ASUS Unleashes PE3000N Mini PC with Nvidia Jetson IGX Thor T5000, Hitting 2,070 FP4 TFLOPS of AI Power

Asus IoT unveils the PE3000N, a rugged mini PC built around Nvidia’s Jetson IGX Thor platform and aimed squarely at next‑generation robotics, industrial automation, and smart infrastructure. With Nvidia’s Jetson IGX Thor dev kit and standalone module now available to order, partners are stepping up with deployable systems—and this compact, hard‑wearing unit is among the first out of the gate.

At the heart of the PE3000N is the Jetson IGX Thor T5000 module, combining a Blackwell‑class GPU with a 14‑core ARM processor and up to 128 GB of LPDDR5X memory. The platform is rated at 2,070 FP4 TFLOPS, translating to serious edge AI performance for sensor fusion, autonomy, real‑time video analytics, and AI‑driven control—without relying on the cloud.

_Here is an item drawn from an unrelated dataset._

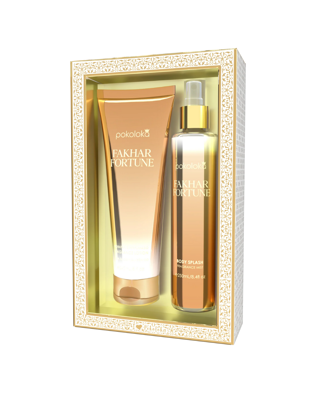 Inspirado na exuberante fragrância Fakhar Rose, da Lattafa Perfumes, o Kit Luxury Fakhar Fortune combina hidratação intensa e perfumação encantadora, proporcionando uma experiência envolvente e sensual. Composto pelo Hidratante Perfumado Fakhar Fortune (240ml) e pelo Body Splash Fakhar Fortune (250ml), esse kit deixa a pele macia, hidratada e com um perfume floral que exala frescor e doçura.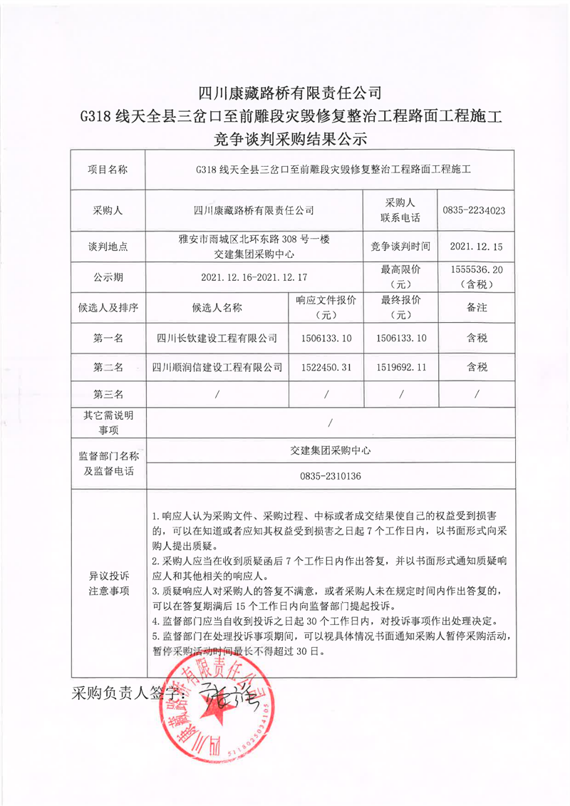 四川康藏路橋有限責任公司G318線天全縣三岔口至前碉段災毀修復整治工程路面工程施工競爭談判采購結果公示

Designed for harsh environments, the system features a rugged chassis compliant with MIL‑STD‑810H and is engineered to run reliably from -20°C to 60°C. That durability, paired with abundant I/O and networking options, positions the PE3000N for high‑throughput, deterministic workloads in factories, healthcare, logistics, energy, and smart city deployments.

Highlights and key specs
– Jetson IGX Thor T5000 module with Blackwell GPU and 14‑core ARM CPU
– Up to 128 GB LPDDR5X and 2,070 FP4 TFLOPS of AI performance
– Rugged MIL‑STD‑810H design; operating range from -20°C to 60°C
– Up to 4x 25 GbE NICs for high‑bandwidth networking
– Support for up to 16 GMSL cameras for advanced machine vision and sensor fusion
– Desktop‑style ports: 4x USB‑A, 2x USB‑C, HDMI, and audio jacks
– Optional expansion stack with PoE, additional GMSL, CAN, and QSFP28
– PTP/PPS for precise time sync across distributed sensors and actuators
– TPM 2.0 for hardware‑rooted security
– Optional LTE/5G/GNSS for remote and mobile deployments

Beyond raw horsepower, the PE3000N is optimized for modern AI workflows at the edge. It can efficiently run generative AI models, including visual language models and large language models, alongside latency‑sensitive tasks such as multi‑camera analytics and closed‑loop control. Compatibility with Nvidia Isaac for robotics, Holoscan for real‑time sensor processing, and Blueprint for video analytics AI agents accelerates development and deployment.

Availability is slated for Q1 2026. While pricing hasn’t been finalized, expect it to track near the cost of Nvidia’s official dev kit—around 3,000 EUR—with higher configurations likely commanding more depending on I/O, networking, and expansion options.

For teams building autonomous machines, inspection systems, or real‑time analytics at the edge, the Asus IoT PE3000N looks like a compact, configurable, and field‑ready platform designed to keep pace with the latest in edge AI.